# Exercise details:
Copy task. Retype the whole listing exactly, omitting any picture in it.

# Data shown:
────────────────
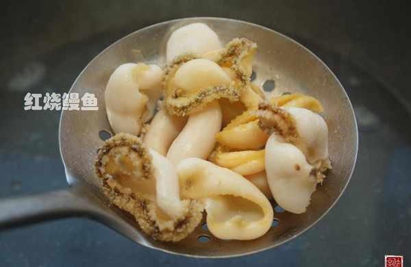3. 煮開水,下鮑魚,數10秒,立即將鮑魚撈起,盡量讓鮑魚片攤開,讓其自然涼卻。
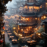 Diese riesige Taverne und Restaurant, die größte in Tian’an, umfasst mehrere Stockwerke und wird von lokalen Händlern, Arbeiter und Besuchern gleichermaßen geschätzt. Die Gäste können hier aus einfachen Gerichten, bis hin zu ausgefallenen und teuren Köstlichkeiten, wählen was das Herz begehrt oder der Geldbeutel zulässt. Aber nicht nur die Speisekarte deckt von lokalen bis gehobenen Geschmäcker beinahe alles ab, sondern auch die Getränkekarte lässt nicht viele Wünsche offen.
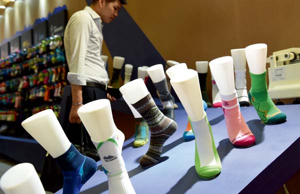 7、一家企业展出的户外功能性袜子。这里的每一双袜子都具备最佳舒适性以及透气快干、超强耐磨、抗菌除臭的功能。
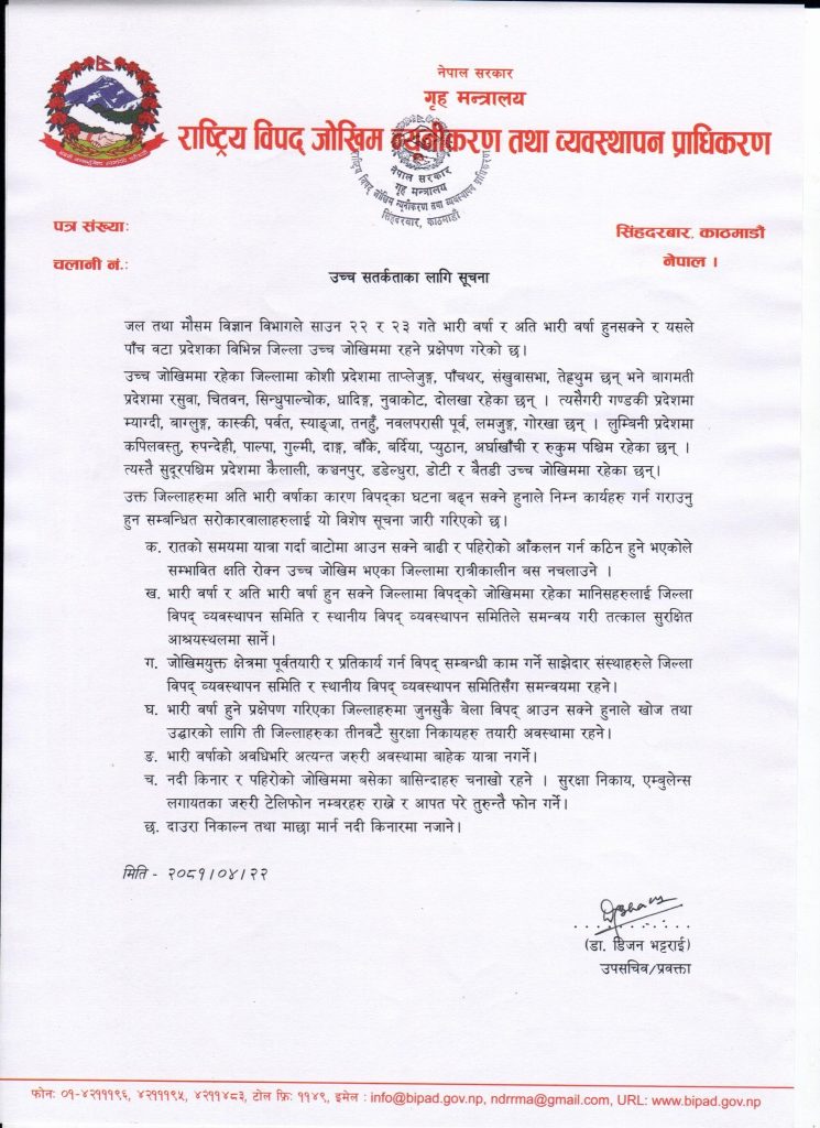 प्राधिकरणले उच्च जोखिमका जिल्लामा जुनसुकै बेला विपद् आउनसक्ने हुनाले खोज तथा उद्धारका लागि ती जिल्लाहरुका तीनवटै सुरक्षा निकायलाई तयारी अवस्थामा रहने, भारी वर्षाको अवधिभरि अत्यन्त जरुरी अवस्थामा बाहेक यात्रा नगर्न, नदी किनार र पहिरोको जोखिममा बसेका बासिन्दालाई चनाखो रहन आग्रह गरेको छ।
────────────────
# Answer section:
3. 煮開水,下鮑魚,數10秒,立即將鮑魚撈起,盡量讓鮑魚片攤開,讓其自然涼卻。
 Diese riesige Taverne und Restaurant, die größte in Tian’an, umfasst mehrere Stockwerke und wird von lokalen Händlern, Arbeiter und Besuchern gleichermaßen geschätzt. Die Gäste können hier aus einfachen Gerichten, bis hin zu ausgefallenen und teuren Köstlichkeiten, wählen was das Herz begehrt oder der Geldbeutel zulässt. Aber nicht nur die Speisekarte deckt von lokalen bis gehobenen Geschmäcker beinahe alles ab, sondern auch die Getränkekarte lässt nicht viele Wünsche offen.
 7、一家企业展出的户外功能性袜子。这里的每一双袜子都具备最佳舒适性以及透气快干、超强耐磨、抗菌除臭的功能。
 प्राधिकरणले उच्च जोखिमका जिल्लामा जुनसुकै बेला विपद् आउनसक्ने हुनाले खोज तथा उद्धारका लागि ती जिल्लाहरुका तीनवटै सुरक्षा निकायलाई तयारी अवस्थामा रहने, भारी वर्षाको अवधिभरि अत्यन्त जरुरी अवस्थामा बाहेक यात्रा नगर्न, नदी किनार र पहिरोको जोखिममा बसेका बासिन्दालाई चनाखो रहन आग्रह गरेको छ।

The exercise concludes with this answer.